** PROBLEM DESCRIPTION **
Transcribe the data that follows without changing a word, and omit the pictures.

** SOURCE MATERIAL **
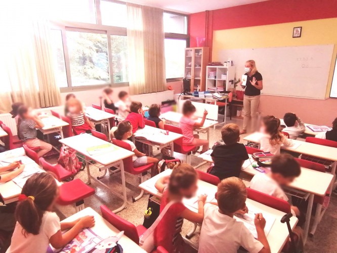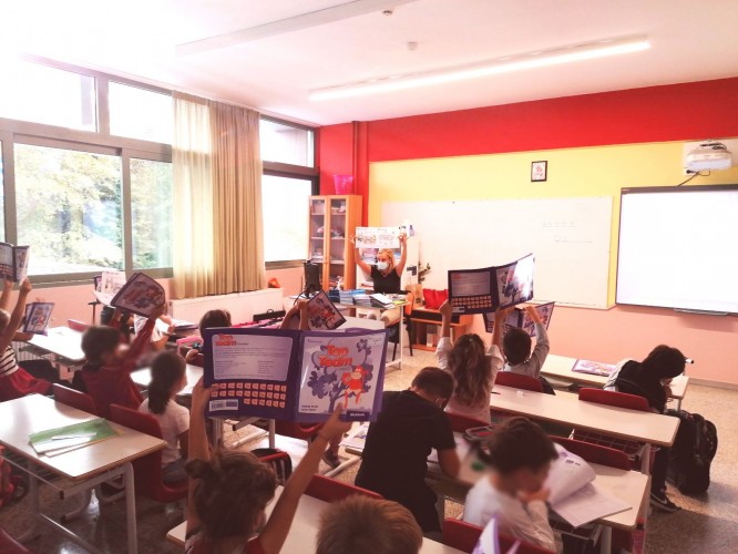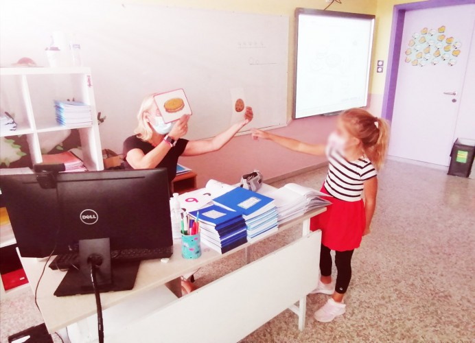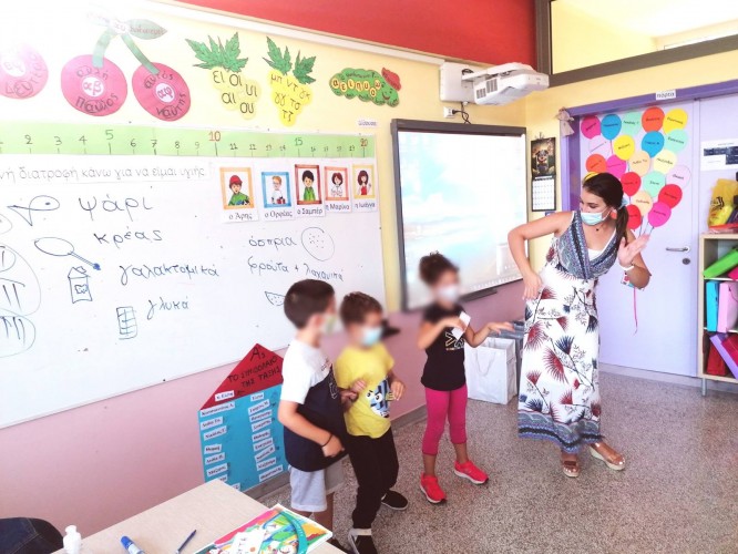 22 Σεπτεμβρίου 2021Με τη διατροφή και την υγεία καταπιάνονται αυτήν την εβδομάδα οι μαθητές της Α’ τάξης του Δημοτικού μας τόσο στο μάθημα της Νεοελληνικής Γλώσσας όσο και σ’ αυτό των Αγγλικών. Τα παιδιά μας μέσω της γραφής, της ζωγραφικής, των τραγουδιών και παιχνιδιών, αλλά και των παρουσιάσεων στους διαδραστικούς πίνακες μαθαίνουν για τις τροφές, αλλά και για την αξία της υγιεινής διατροφής. Τραγούδια και ορθογραφία στα ελληνικά, flashcards και παιχνίδια στα αγγλικά, τελικά καταλήξαμε: Ένα μήλο την ημέρα τον γιατρό τον κάνει πέρα.
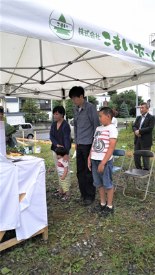 土地の神様にご挨拶し、安全に工事が進むようお祈りしました。
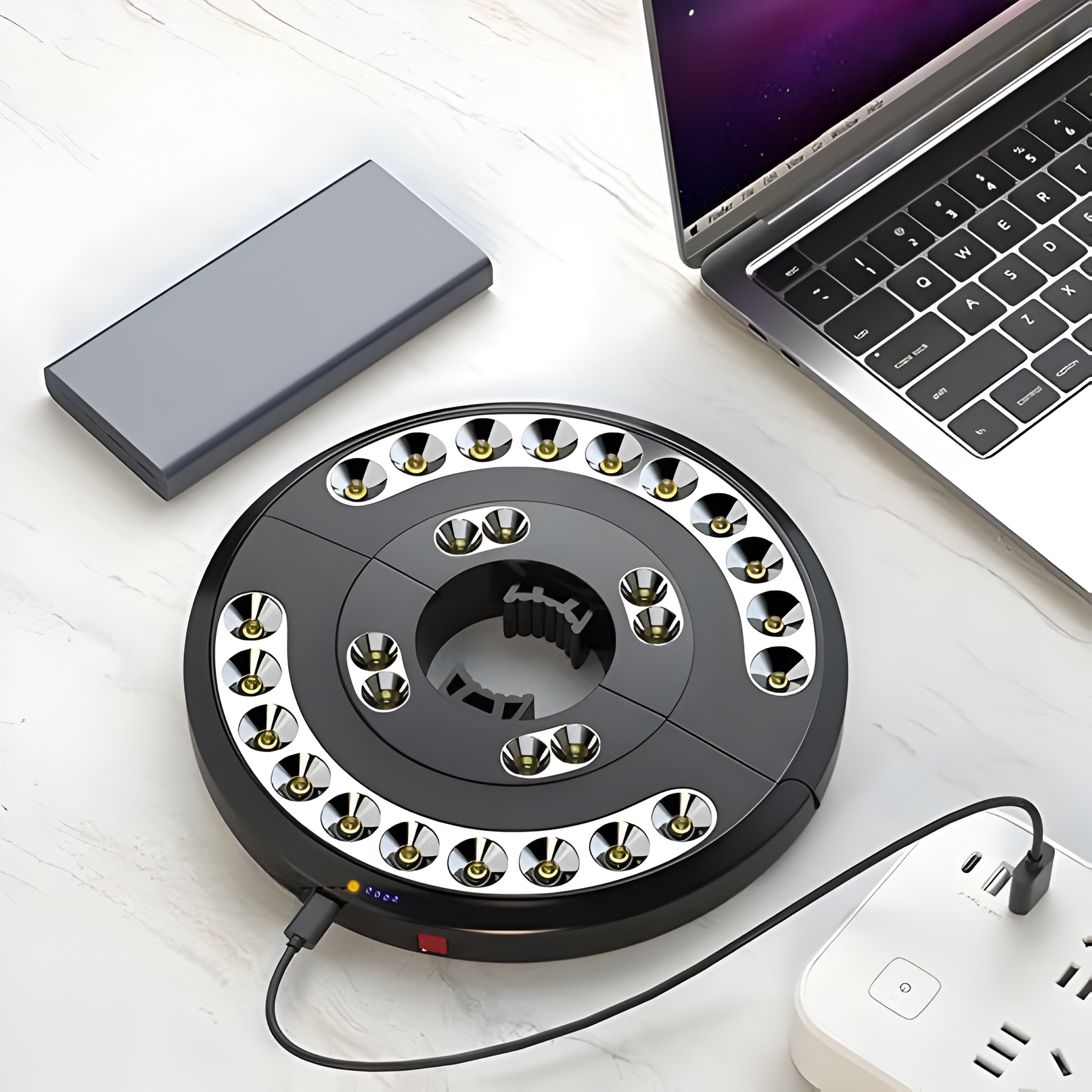 Mit der GlowShade Disc bringst du stimmungsvolles Licht unter deinen Sonnenschirm – ganz ohne Kabelsalat. Ob auf dem Balkon, der Terrasse oder beim Camping: Diese moderne Leuchte sorgt mit 3 Helligkeitsstufen immer für die passende Atmosphäre. Dank wiederaufladbarem Akku ist sie besonders flexibel einsetzbar – ganz einfach per USB aufzuladen. Und das Beste: Du brauchst weder Werkzeuge noch Kabel. Einfach anklemmen, anschalten, wohlfühlen!

** SOLUTION FOR THIS TASK **
 22 Σεπτεμβρίου 2021Με τη διατροφή και την υγεία καταπιάνονται αυτήν την εβδομάδα οι μαθητές της Α’ τάξης του Δημοτικού μας τόσο στο μάθημα της Νεοελληνικής Γλώσσας όσο και σ’ αυτό των Αγγλικών. Τα παιδιά μας μέσω της γραφής, της ζωγραφικής, των τραγουδιών και παιχνιδιών, αλλά και των παρουσιάσεων στους διαδραστικούς πίνακες μαθαίνουν για τις τροφές, αλλά και για την αξία της υγιεινής διατροφής. Τραγούδια και ορθογραφία στα ελληνικά, flashcards και παιχνίδια στα αγγλικά, τελικά καταλήξαμε: Ένα μήλο την ημέρα τον γιατρό τον κάνει πέρα.
 土地の神様にご挨拶し、安全に工事が進むようお祈りしました。
 Mit der GlowShade Disc bringst du stimmungsvolles Licht unter deinen Sonnenschirm – ganz ohne Kabelsalat. Ob auf dem Balkon, der Terrasse oder beim Camping: Diese moderne Leuchte sorgt mit 3 Helligkeitsstufen immer für die passende Atmosphäre. Dank wiederaufladbarem Akku ist sie besonders flexibel einsetzbar – ganz einfach per USB aufzuladen. Und das Beste: Du brauchst weder Werkzeuge noch Kabel. Einfach anklemmen, anschalten, wohlfühlen!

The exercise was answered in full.